Center for Medicaid and Medicare Services Emergency Management Rule Resources

CMS.GOV EM Templates and Checklists Site

Full CMS Rule & Statute

CMS Emerg. Prep. Rule – National Call Materials Now Online: On October 5th when Florida was totally involved in Hurricane Matthew, CMS conducted a national provider call on the new Emergency Preparedness Rule. I was unable to participate and I bet none of you were either. The materials related to the call are now available online as follows:

·        Link to the Slide Presentation [PDF, 925KB]  

·        Link to the Audio Recording [ZIP, 19MB]  
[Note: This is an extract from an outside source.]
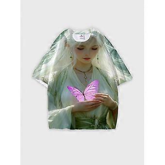 T-Shirt Round Neck, Loose Short Sleeve Pattern Graphic Tee, Unisex Summer Casual Top V2246
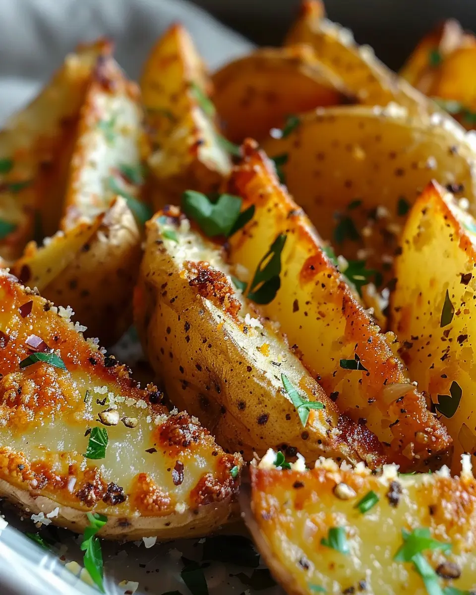 Home » Recipes » Baked Garlic Parmesan Potato Wedges: Irresistibly Easy Delight

·        Link to the Written Transcript [PDF, 350KB]  

A few points to remember about the CMS Emergency Preparedness Rule (EP Rule):

  1. Important Dates:

    • Effective Date – November 15, 2016: The final rule is effective November the 15, 2016.
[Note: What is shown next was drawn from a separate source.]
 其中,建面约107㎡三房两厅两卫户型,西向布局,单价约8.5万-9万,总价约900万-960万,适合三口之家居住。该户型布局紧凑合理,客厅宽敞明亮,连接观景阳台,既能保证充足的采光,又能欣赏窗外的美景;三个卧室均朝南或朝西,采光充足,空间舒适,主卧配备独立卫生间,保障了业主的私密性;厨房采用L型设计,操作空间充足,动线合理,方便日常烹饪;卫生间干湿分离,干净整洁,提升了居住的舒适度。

    • Implementation Date – November 15, 2017: The implementation deadline is November the 15, 2017. The rule will not be enforced—that is, facilities will not be surveyed on these requirements—until after the implementation deadline of November 15, 2017.
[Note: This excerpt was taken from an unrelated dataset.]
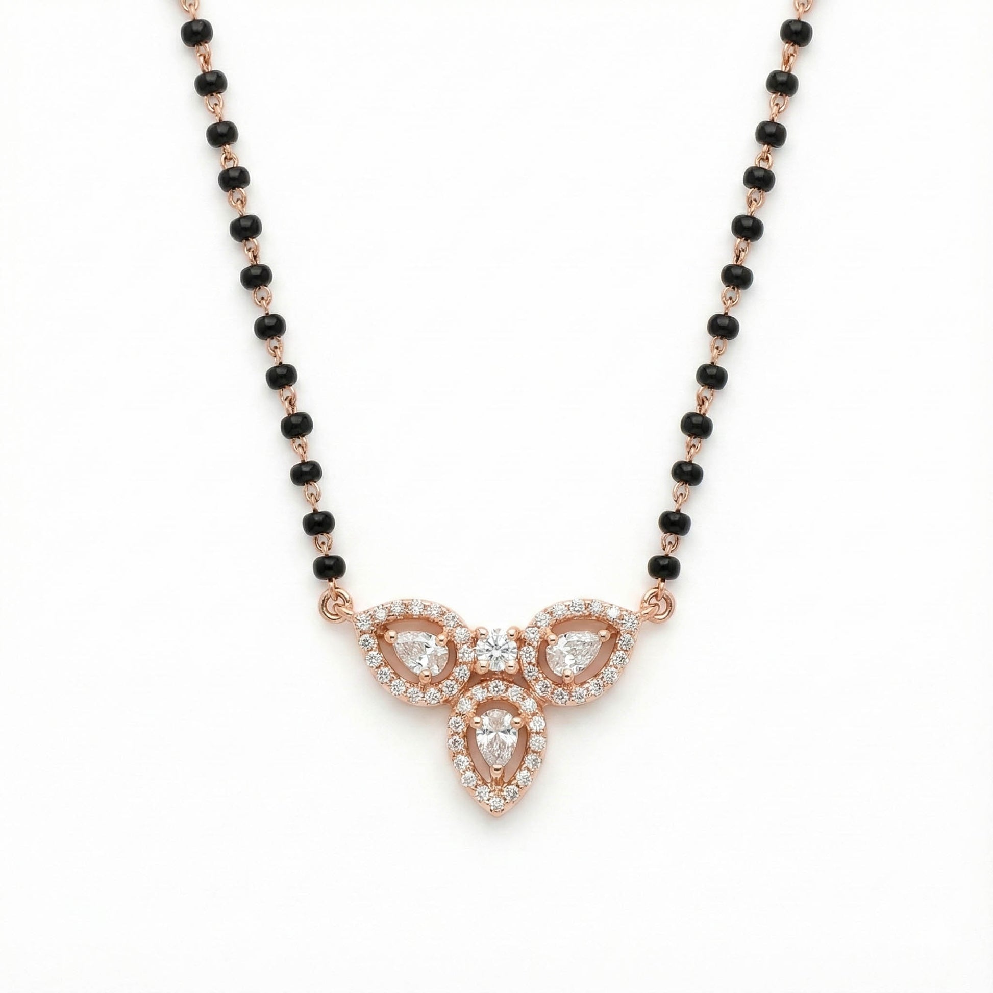 It features a delicate chain adorned with alternating black beads, symbolizing cultural significance. The centerpiece is a stunning tri-leaf diamond pendant, with each leaf-shaped segment set with sparkling diamonds that radiate brilliance. Crafted in a rose-gold finish, this piece is lightweight yet luxurious, making it suitable for daily wear or special occasions.

  2. CMS Emergency Preparedness Page: Here’s a link to the CMS page dedicated to emergency preparedness; the banner on the left side of the site has links to various topics (core elements, etc.). The EP Rule applies to 17 provider types, listed here. CMS has developed a Frequently Asked Questions document, located here (note – CMS plans to update it, so be sure to check back to the CMS page).

  3. CMS Interpretive Guidelines (IG): CMS has not developed the Interpretive Guidelines on the new EP Rule that dictates how states will survey (monitor) for compliance. CMS says the Interpretive Guidelines will be released in the spring of 2017 – no date certain. Here’s an excerpt from the October 28, 2016 CMS Survey & Certification Letter:  “Interpretive guidelines and survey procedures will be developed and are anticipated to be published in the spring of 2017. Therefore, until the guidance is published we will not be able to answer most questions regarding the requirements and survey procedures. Once the guidance is published providers and suppliers will have several months to prepare for implementation. CMS is currently working to develop training for surveyors. The training will be web-based and self-paced. We anticipate the training to be available in the spring of 2017. More training information will be sent at a later date.” To read the CMS letter, click here.

  4. National Fire Protection Association (NFPA): The CMS EP Rule also references the NFPA, and at least for nursing homes, the Rule requires that they meet the requirements of NFPA 99, 2012 Edition, and NFPA 110, 2010 Edition. To visit the NFPA’s page on codes and standards, click here.

  5. Agency for Health Care Administration: In Florida, the Agency for Health Care Administration has rules that relate to Emergency Preparedness  for providers they license, and while their requirements won’t be less than the EP Rule, it could be more stringent in certain areas. Currently, AHCA has Comprehensive Emergency Management Plan (CEMP) criteria for various healthcare license types. Those are under review and must follow the rule making process, including hearings and adherence to the rule promulgation timeline.  To visit the Agency’s page on emergency preparedness, click here. To sign up for the Agency’s Health Care Alerts, click here.

  6. Education on the CMS EP Rule: Providers are busy digging into the EP Rule and comparing it to their existing emergency operations plans, reviewing the CMS Frequently Asked Questions document (click here, scroll to the link under DOWNLOADS), and looking to the Agency for Health Care Administration (the Agency) regarding their rule making process as it applies to a particular provider’s license type (e.g., home health). Education on the core elements of the CMS EP Rule is very important, while also remembering that the Agency is promulgating their own rules on Emergency Preparedness, too, and CMS will be releasing their Interpretive Guidelines in the spring of 2017.  At the highest level, the CMS EP Rule sets out minimum standards; Florida will be developing/promulgating rules, too, in alignment with the CMS EP Rule and with the possibility of additional requirements; and then there are local county OEMs that may set out yet additional requirements (e.g., Pinellas County’s fatality management plan for some license types). Meanwhile, various types of resources have been posted to the TRACIE website.